By Ryan Greenberg
Award-winning visual artist Carmen Argote finds inspiration for her art in the physical world around her, from moving through space and allowing her body to interact with her surroundings, she recently told a UC Santa Barbara audience.
Born in Guadalajara, Mexico and now based in Los Angeles, Argote began her recent presentation in the UCSB Art Department’s Visiting Artist Colloquium series by describing a collection called Pyramids, inspired by her walks through Los Angeles’s Lincoln Park. Pyramids, which was displayed at the Panel LA exhibition in 2017, includes a collection of papers with abstract drawings made of coffee stains and a series of platforms arranged into stairs with coffee-makers placed on top.
“I learn something from every show. But when I think about this show, I really think about allowing my walking practice to come through,” Argote said in the recent Zoom event.

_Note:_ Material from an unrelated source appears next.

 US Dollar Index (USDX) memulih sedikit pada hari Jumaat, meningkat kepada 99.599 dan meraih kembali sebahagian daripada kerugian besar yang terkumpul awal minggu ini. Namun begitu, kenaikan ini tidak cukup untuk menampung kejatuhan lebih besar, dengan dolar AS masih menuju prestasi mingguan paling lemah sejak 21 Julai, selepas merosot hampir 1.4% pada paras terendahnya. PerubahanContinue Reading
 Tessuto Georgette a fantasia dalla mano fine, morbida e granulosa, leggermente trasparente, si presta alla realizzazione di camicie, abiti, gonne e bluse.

Nearly 200 people signed on to listen to Argote, who has been exhibited all over California, and also Denver, Miami, Bogota, Guadalajara, and Istanbul.
The artist, who works in a multitude of 2-D and 3-D artistic mediums, got both her bachelor’s degree and Master of Fine Arts from UCLA, and went on to complete an artist’s residency at the Skowhegan School of Painting and Sculpture in 2009. Argote gave students a virtual tour of her website, telling the stories behind her works.

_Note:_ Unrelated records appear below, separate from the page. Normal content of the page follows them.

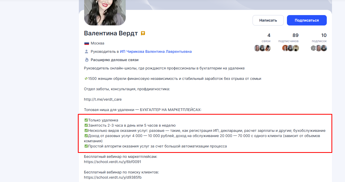 В своем блоге на различных ресурсах, типа TenChat / Telegram / Инстаграм, после прохождения курсов Валентина Вердт обещает занятость до 3 часов в день в сфере бухобслуживания с доходом до 70 000 рублей с одного клиента. При этом реальной статистики в открытых источниках нет, а сама предпринимательница больше напоминает инфоцыгана.
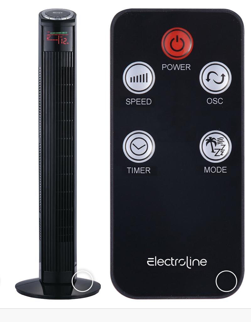 Electroline VTT37R. Type: Ventilateur de tour domestique, Couleur du produit: Noir, Conception de caisse: Sol. Type d’alimentation d’énergie: AC, Consommation: 45 W, Tension d’entrée AC: 220 – 240 V. Largeur: 300 mm, Profondeur: 300 mm, Hauteur: 980 mm. Largeur du colis: 205 mm, Profondeur du colis: 975 mm, Hauteur du colis: 195 mm
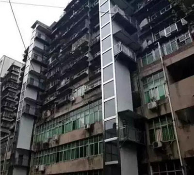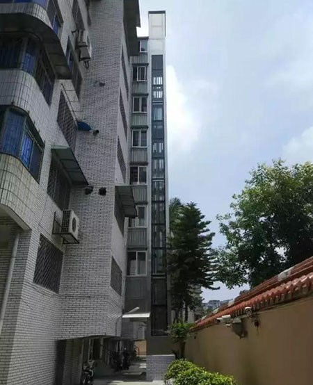 采用這種加裝方式大多是因為樓的南面需要過車等,這時候就可以考慮將電梯加裝在樓宇的陰面,徹底避免對采光和通風的影響。
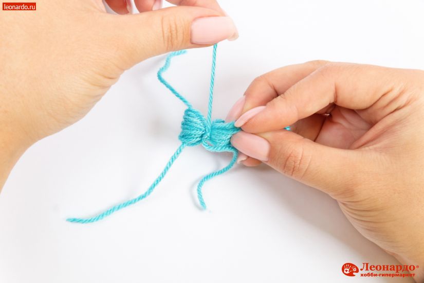 2. Завяжем фиксирующую нить в один узел, позже ее нужно будет снять, поэтому необходимости затягивать сильно нет.

Argote then shared a video of art she created for a collection she calls Be Loved, sometimes referred to as Beloved. Argote shared footage of herself creating art at a cemetery. In one clip, Argote placed a canvas over a tombstone, and then mashed up red crayon wax to make a rubbing. She then used the ground-up wax and rubbed it over the tombstone so that the words on the tombstone would appear on the canvas. Argote chose words like “mother” and “beloved” from the tombstones, and made canvases of these words overlapping each other over and over.

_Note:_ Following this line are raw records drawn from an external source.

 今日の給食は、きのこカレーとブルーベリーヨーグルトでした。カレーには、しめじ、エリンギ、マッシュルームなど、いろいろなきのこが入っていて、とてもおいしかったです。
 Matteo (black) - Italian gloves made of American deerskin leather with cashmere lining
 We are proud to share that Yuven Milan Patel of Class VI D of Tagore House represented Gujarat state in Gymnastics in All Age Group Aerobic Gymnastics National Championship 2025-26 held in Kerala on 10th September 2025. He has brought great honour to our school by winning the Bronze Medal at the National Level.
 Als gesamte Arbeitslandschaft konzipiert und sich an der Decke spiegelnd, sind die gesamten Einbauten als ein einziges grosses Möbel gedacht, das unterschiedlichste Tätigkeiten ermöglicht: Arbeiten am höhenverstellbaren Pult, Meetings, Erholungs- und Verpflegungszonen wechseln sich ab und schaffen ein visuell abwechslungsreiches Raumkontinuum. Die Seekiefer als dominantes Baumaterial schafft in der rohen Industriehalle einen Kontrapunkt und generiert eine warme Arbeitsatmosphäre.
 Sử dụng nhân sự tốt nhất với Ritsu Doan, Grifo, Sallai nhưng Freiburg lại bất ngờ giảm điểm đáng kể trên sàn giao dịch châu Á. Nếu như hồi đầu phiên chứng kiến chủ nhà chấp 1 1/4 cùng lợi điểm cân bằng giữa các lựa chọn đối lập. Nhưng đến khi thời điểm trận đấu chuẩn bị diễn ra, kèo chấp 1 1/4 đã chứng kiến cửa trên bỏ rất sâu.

Argote described her process and the meaning behind her work, saying she wants to use her entire body in making her artwork, and the work to reflect that.
Argote then offered attendees a tour of her home studio. The walls of the main workspace of the studio offered many displays of 2-D visual art on the walls, covered by a protective plastic film. The room was also filled with what Argote calls “comfort objects,” soft holdable objects, such as stuffed towel wrappings or miniature figurines of people or animals that she said were inspired by therapy sessions. Argote created these objects because she noticed a “transference of [herself] into the object,” and they also made her feel motherly — an example of how the artist “feels a connection to how objects can hold people, ideas, actions, and energy.”
Argote then virtually took attendees outside to show her rooster coop. She considers her flock a part of not only her studio, but also her home. Argote has art displayed in the coop for the roosters to enjoy, and each rooster has a comfort object of their own as well.
In the Q&A after her talk, Argote described an interactive process between her own emotions or attitudes and her art. “I wanted to be surprised by my artwork. I wanted to have a conversation. I didn’t want to just have an idea, and make it,” she said. Argote then challenged her audience to push beyond the obvious and learn from art. “You have to learn that the artwork knows more than you,” she told art students.
Ryan Greenberg is a student at UC Santa Barbara who studies Communication and Professional Writing. He wrote this article for his Writing Program course Digital Journalism.